When I was 35 I looked at myself and determined that my former good looks were just that – former. I had gained ten pounds since turning thirty, I had Crow’s Feet starting to show up around my eyes, and my skin had lost that youthful glow.
At 42, when I surveyed the same aging face I realized that my hair had lost its luster, my upper eyelids were beginning to droop, my eyebrows were fading and my boobs were less perky than they once were. I looked at pictures of myself at thirty-five and was amazed at how perfect I had looked at that age.
At 50 all hell broke loose in the looks department. I started looking at makeup designed for women over 50. My neck had developed a serious case of chicken skin, my butt had slid down the backs of my legs, and my lips and eyebrows had all but disappeared. I looked at pictures from my forties and was struck by how attractive I had been at that age.
It’s no different at 57. I watch videos of myself at 50 and wish I had the same skin and eyes now that I had then. At every age I think I’ve lost any attractiveness I once had. Then at the next stage, I look back and can’t believe how good I looked then, and how devastating the changes have been since then.
I suppose that means that when I’m 70 I’ll look back at 57 and marvel at how good I looked. And at 80 I’ll look back at seventy…etc. etc., etc. I think at 90 I will stop comparing myself to former selves and embrace my wrinkles and jowls as a sign of a life well-lived. Or not.
Our vanity is so deeply ingrained I’m not sure it ever goes away. My adorable little Mother still belts everything to create a smaller waistline. She stresses over her hair, and loves to get makeovers in department stores. Doggone it, she was a petite, cute, sexy little thing once – and in her mind she still is. Just as, in my mind, I am still 29 – a good age for me. I feel as cute and sexy as I was then. Unfortunately it is very clear when I walk into a room that men are not “wanting” me, they are respecting me, if not totally ignoring me. Respect is a good thing. And so is wisdom - and confidence.

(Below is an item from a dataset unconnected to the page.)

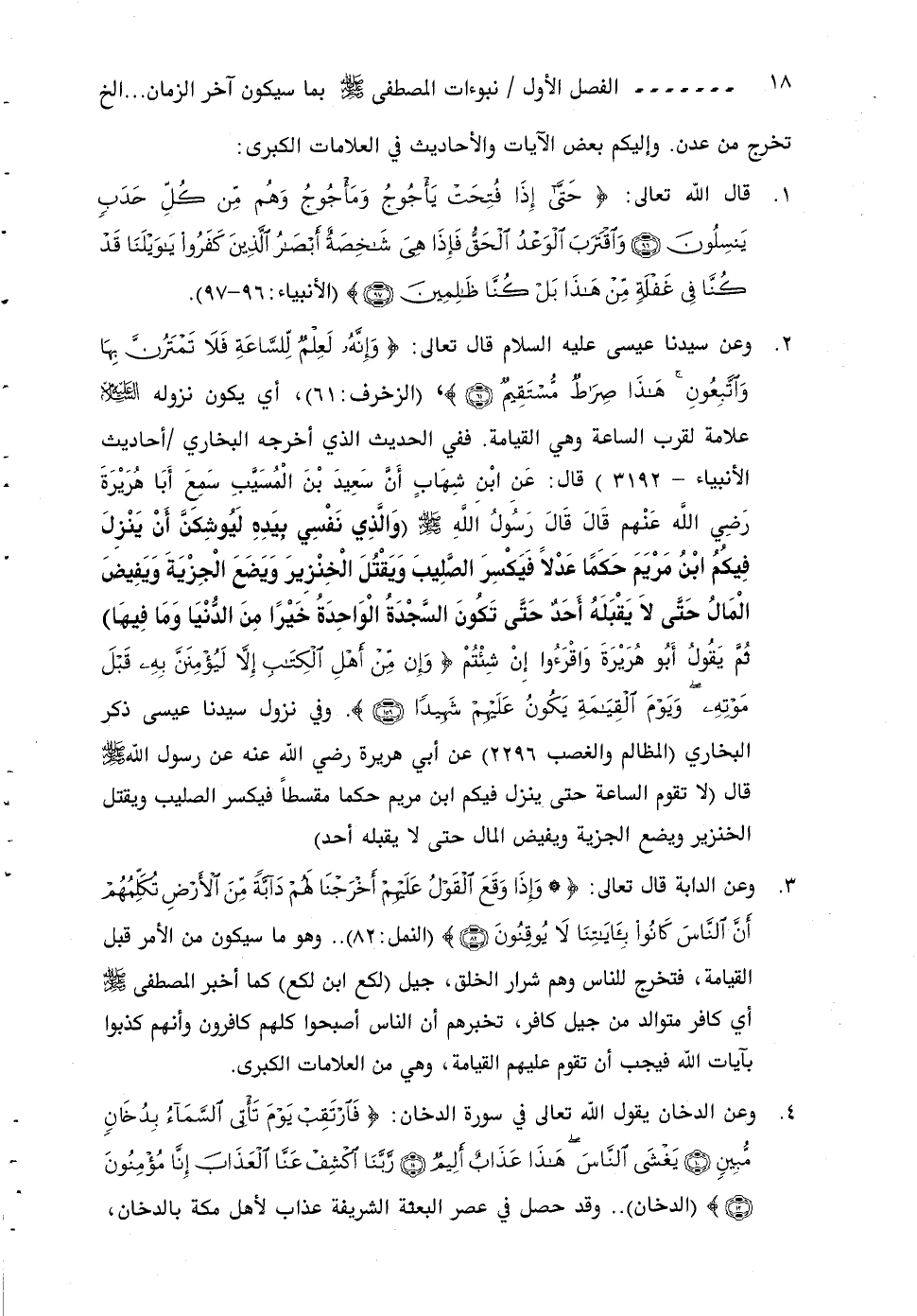 2. وعن سيدنا عيسى عليه السلام قال تعالى: وإِنَّهُ لَعِلْمٌ لِلسَّاعَةِ فَلا تَمْتَرُنَّ بِها واتَّبِعُونِ هذا صِراطٌ مُسْتَقِيمٌ (61)، (الزخرف: 61)، أي يكون نزوله عليه السلام علامة لقرب الساعة وهي القيامة. ففي الحديث الذي أخرجه البخاري/ أحاديث الأنبياء - 3192) قال: عن ابن شهاب أنّ سعيد بن المسيّب سمع أبا هريرة رضي اللّه عنهم قال قال رسول اللّه صلى اللّه عليه وسلم (والّذي نفسي بيده ليوشكنّ أن ينزل فيكم ابن مريم حكما عدلا فيكسر الصّليب ويقتل الخنزير ويضع الجزية ويفيض المال حتّى لا يقبله أحد حتّى تكون السّجدة الواحدة خيرا من الدّنيا وما فيها) ثمّ يقول أبو هريرة واقرءوا إن شئتم وإِنْ مِنْ أَهْلِ الْكِتابِ إِلَّا لَيُؤْمِنَنَّ بِهِ قَبْلَ مَوْتِهِ ويَوْمَ الْقِيامَةِ يَكُونُ عَلَيْهِمْ شَهِيداً (159). وفي نزول سيدنا عيسى ذكر البخاري (المظالم والغصب 2296) عن أبي هريرة رضي اللّه عنه عن رسول اللّه صلى اللّه عليه وسلم قال (لا تقوم الساعة حتى ينزل فيكم ابن مريم حكما مقسطا فيكسر الصليب ويقتل الخنزير ويضع الجزية ويفيض المال حتى لا يقبله أحد) 3. وعن الدابة قال تعالى: وإِذا وَقَعَ الْقَوْلُ عَلَيْهِمْ أَخْرَجْنا لَهُمْ دَابَّةً مِنَ الْأَرْضِ تُكَلِّمُهُمْ أَنَّ النَّاسَ كانُوا بِآياتِنا لا يُوقِنُونَ (82) (النمل: 82) .. وهو ما سيكون من الأمر قبل القيامة، فتخرج للناس وهم شرار الخلق، جيل (لكع ابن لكع) كما أخبر المصطفى صلى اللّه عليه وسلم أي كافر متوالد من جيل كافر، تخبرهم أن الناس أصبحوا كلهم كافرون وأنهم كذبوا بآيات اللّه فيجب أن تقوم عليهم القيامة، وهي من العلامات الكبرى.

Bette Davis said, “Old age is no place for sissies.” But, you know what? It’s easier than being young again. I no longer cry over lost loves and career disappointments. I no longer have to win at racquetball or hate myself for all the things I’m not.
The changes are going to keep happening. I will keep looking back and wondering why I didn’t appreciate myself at all the ages that preceded this one. But with every new stage I will embrace who I have become: a wiser, more balanced, confident woman, belting my blazers to create a waistline and wishing that men still found me HOT!
I just came across this article, although I see it was written a couple of years ago. Timeless, though, and so appropriate! I too have looked at much younger photos of me when I know I was concerned about how I looked and I think, "Wow, I looked really good then, what was I so worried about?" We need to learn to appreciate where we are and when we are. Thanks for your insight!
Posted by: Sonya | August 07, 2008 at 09:13 PM
Does life after menopause actually get better? Right now approaching the change feels pretty crappy. I often feel it is downhill from here. With all the health changes occurring I find it hard to believe that this actually gets better.